Here are two views of an antique portable furnace I bought recently. It has a cup device on a swivel arm over the burner. Could it be a mineral cupulator?


----------



## stihl88 (Apr 3, 2011)

I believe it's a lead melting furnace.


----------



## golddigger69 (Apr 3, 2011)

It is a lead melting furnace. They were used when installing or reparing municipal water mains. For obvious reasons, lead is no longer used.

I have a propane model that I use to melt lead, cook computer chips, and roast black sands.


----------



## dtectr (Apr 3, 2011)

Not sure what you have in mind for it, but here's a couple of random ideas:

There is a forum, many of its members based primarily, but not exclusively in the UK, that is dedicated to collecting old gas stoves of any kind that I can't seem to find my bookmark for. But it is a pump pressurized blow torch, with attachments. 
If you're interested in reselling it, I'd do a google search from tag info, also try to find that doggone forum.

If you want to use it, it looks handy enough, you'll probably need to get a new set of leathers for the pump. It works like the older white gas coleman stoves. I don't remember what it burns (Kerosene?/called Paraffin in UK) but looks portable enough to use in the field like goldgigger69 uses his.

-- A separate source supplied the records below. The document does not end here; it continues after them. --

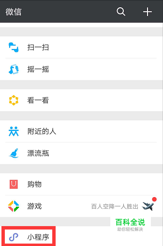 登录微信,点击【发现】→【小程序】。
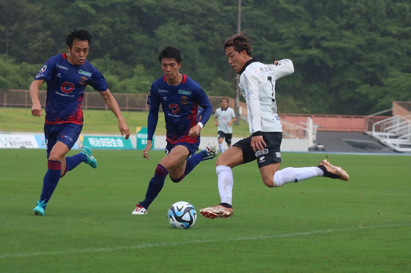 「相手が帰陣するのが速くて、サイドに振ってもそこから1対2だったり守備の陣形を敷くのが速かったので、そこに対してサイドの選手ともう少し球離れを速くしたり1対1を作り出すのが重要だと思います。うちの両ウィングに対して対策もしてくると思うので、相手の対策を凌駕して自分たちが勝ちきるチームになれるようになっていかないといけないと思っています。夏をどれだけ良い形で乗り切って成長するかが昇格に向けて大事なので、自分も含めてチームで高めていければ昇格できると思います」
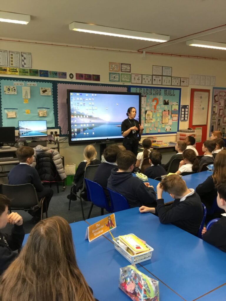Today we had a visit from our campus cop, P.C. Lorraine, as part of our learning about Crime and Punishment. P.C. Lorraine told us the duties of a police officer and the training involved in becoming a police officer. She also explained about all the specialisms there are in the police force e.g. detective work or working with police dogs. We had lots of questions for P.C. Lorraine which she kindly answered which helped us understand better the role of a police officer.
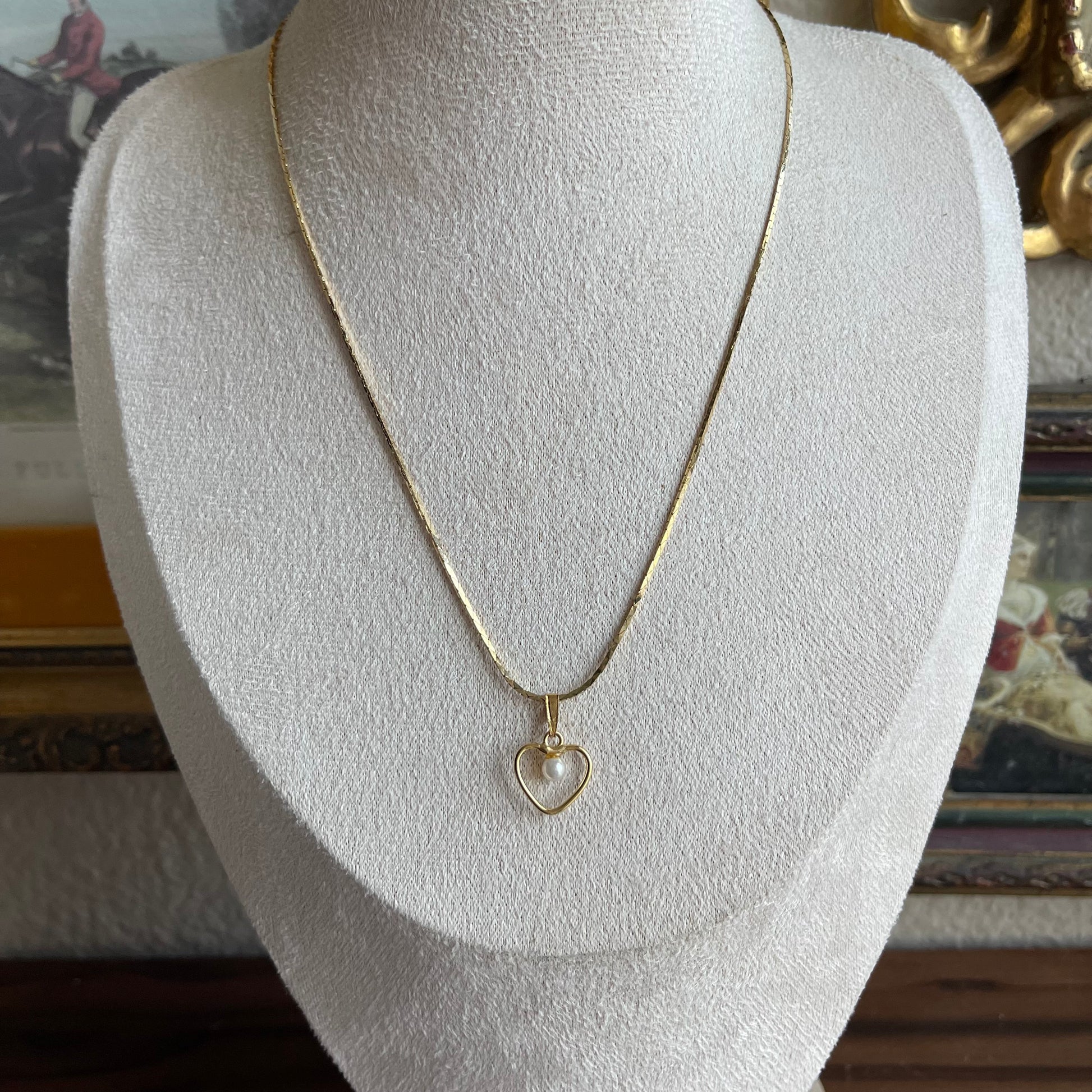 Dainty Gold tone Heart & faux pearl necklace

very cool find, though, those things are usually trashed by the time they make it to sale. 

just my dos centavos.


----------



## Waulespan (Apr 3, 2011)

Thank you all for your enlightening feedback. I'm not thinking about using it, but I had thought about donating it to a museum, maybe the National Trust gold mine. I had found that site for old gas stoves, but I couldn't see how to upload pics. It is really easy to upload here though, so thanks to admin.


----------